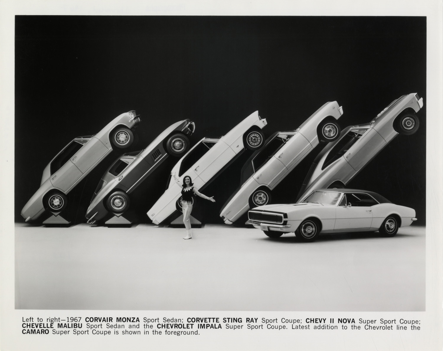 View of woman posing in front of display of 1967 Chevrolet cars. Printed on front: "Left to right, 1967 Corvair Monza Sport sedan; Corvette Sting Ray Sport coupe; Chevy II Nova Super Sport coupe; Chevelle Malibu Sport sedan and the Chevrolet Impala Super Sport coupe. Latest addition to the Chevrolet line the Camaro Super Sport coupe is shown in the foreground." Label on back: "Five 1967 Chevrolet models appear to be standing at attention as the Camaro, newest member of the family, makes its introductory bow to the public (foreground, Camaro Super Sport). While each Chevrolet model has distinctive styling motifs, the all new Camaro features a new approach to the 'long hood-short deck' design so successfully introduced to U.S. buyers by the Corvette. All Chevrolet-built passenger cars go on public display at dealers' September 29."
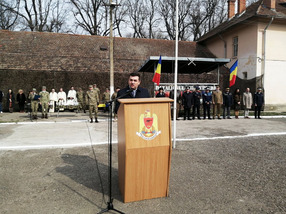 ”Mă simt onorat să particip astăzi, la acest eveniment din cadrul Batalionului 335 Artilerie Alexandru cel Bun. Ne înclinăm cu respect în fața celor care îmbracă haina militară, purtând în suflet dragostea și devotamentul față de Patrie. Se cuvine să ne aplecăm cu gratitudine și mândrie asupra fiecărui moment dedicat celor care slujesc sub drapelul tricolor pentru întreaga națiune. Am convingerea că dl comandant Obreja, susținut de experiența pe care o are, va duce la îndeplinire misiunile încredințate”.
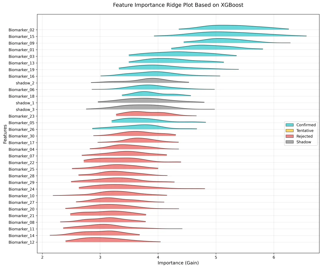 代码以 XGBoost 算法为例,通过多随机种子训练模型获取特征增益型重要性,引入影子特征作参照并按分位数将特征分类,再经核密度估计拟合重要性分布,最终绘制山脊图可视化特征重要性差异。实现过程为先生成或读取模拟数据,自动识别特征与目标列,多轮训练提取并处理重要性数据,完成特征分类后转换数据格式,基于核密度估计绘制并保存可视化山脊图,实现特征重要性的量化与可视化分析。
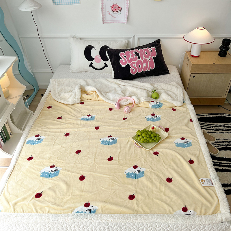 商品名称:昔可家纺 2024新款羊羔绒牛奶绒毛毯系列(三)-场景二-ins风系列 樱桃冰可乐
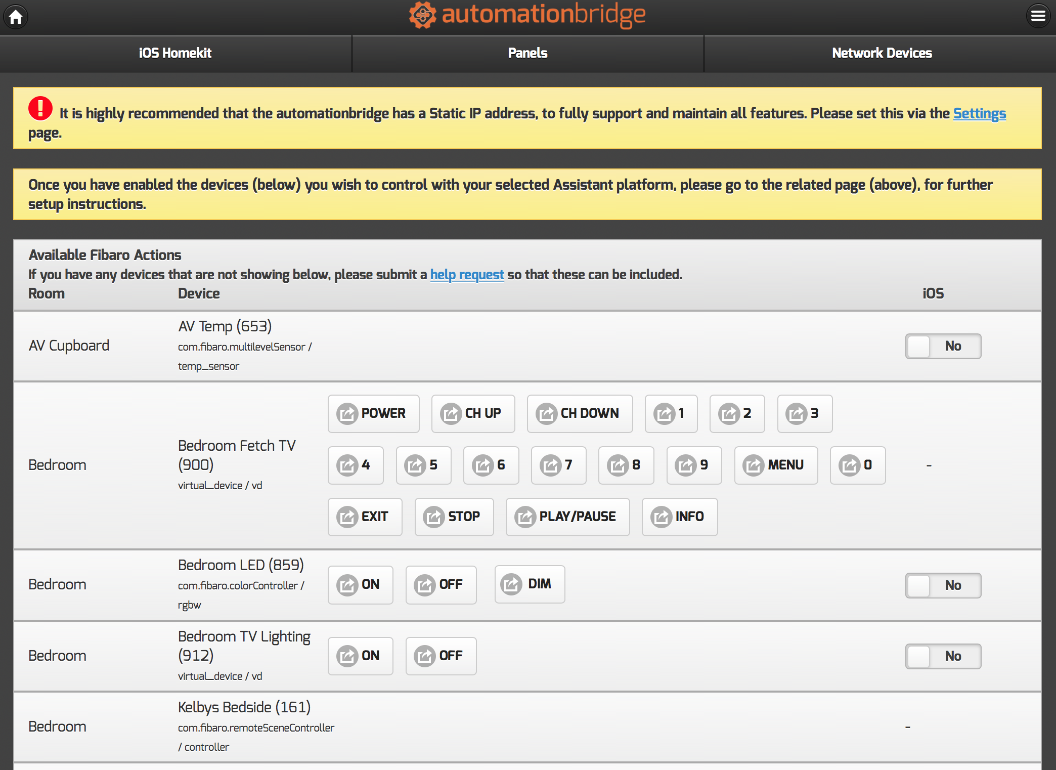 Once the bridge has restarted, you can then enable the required devices from the home page by clicking the slider to enable as needed, when all devices have been enabled, make sure to click the button to apply the changes.

_ _ _ _ _ _ _

What you are asked to do — Could you give all the records again, exactly, minus the pictures?

The answer —
 View of woman posing in front of display of 1967 Chevrolet cars. Printed on front: "Left to right, 1967 Corvair Monza Sport sedan; Corvette Sting Ray Sport coupe; Chevy II Nova Super Sport coupe; Chevelle Malibu Sport sedan and the Chevrolet Impala Super Sport coupe. Latest addition to the Chevrolet line the Camaro Super Sport coupe is shown in the foreground." Label on back: "Five 1967 Chevrolet models appear to be standing at attention as the Camaro, newest member of the family, makes its introductory bow to the public (foreground, Camaro Super Sport). While each Chevrolet model has distinctive styling motifs, the all new Camaro features a new approach to the 'long hood-short deck' design so successfully introduced to U.S. buyers by the Corvette. All Chevrolet-built passenger cars go on public display at dealers' September 29."
 ”Mă simt onorat să particip astăzi, la acest eveniment din cadrul Batalionului 335 Artilerie Alexandru cel Bun. Ne înclinăm cu respect în fața celor care îmbracă haina militară, purtând în suflet dragostea și devotamentul față de Patrie. Se cuvine să ne aplecăm cu gratitudine și mândrie asupra fiecărui moment dedicat celor care slujesc sub drapelul tricolor pentru întreaga națiune. Am convingerea că dl comandant Obreja, susținut de experiența pe care o are, va duce la îndeplinire misiunile încredințate”.
 代码以 XGBoost 算法为例,通过多随机种子训练模型获取特征增益型重要性,引入影子特征作参照并按分位数将特征分类,再经核密度估计拟合重要性分布,最终绘制山脊图可视化特征重要性差异。实现过程为先生成或读取模拟数据,自动识别特征与目标列,多轮训练提取并处理重要性数据,完成特征分类后转换数据格式,基于核密度估计绘制并保存可视化山脊图,实现特征重要性的量化与可视化分析。
 商品名称:昔可家纺 2024新款羊羔绒牛奶绒毛毯系列(三)-场景二-ins风系列 樱桃冰可乐
 Once the bridge has restarted, you can then enable the required devices from the home page by clicking the slider to enable as needed, when all devices have been enabled, make sure to click the button to apply the changes.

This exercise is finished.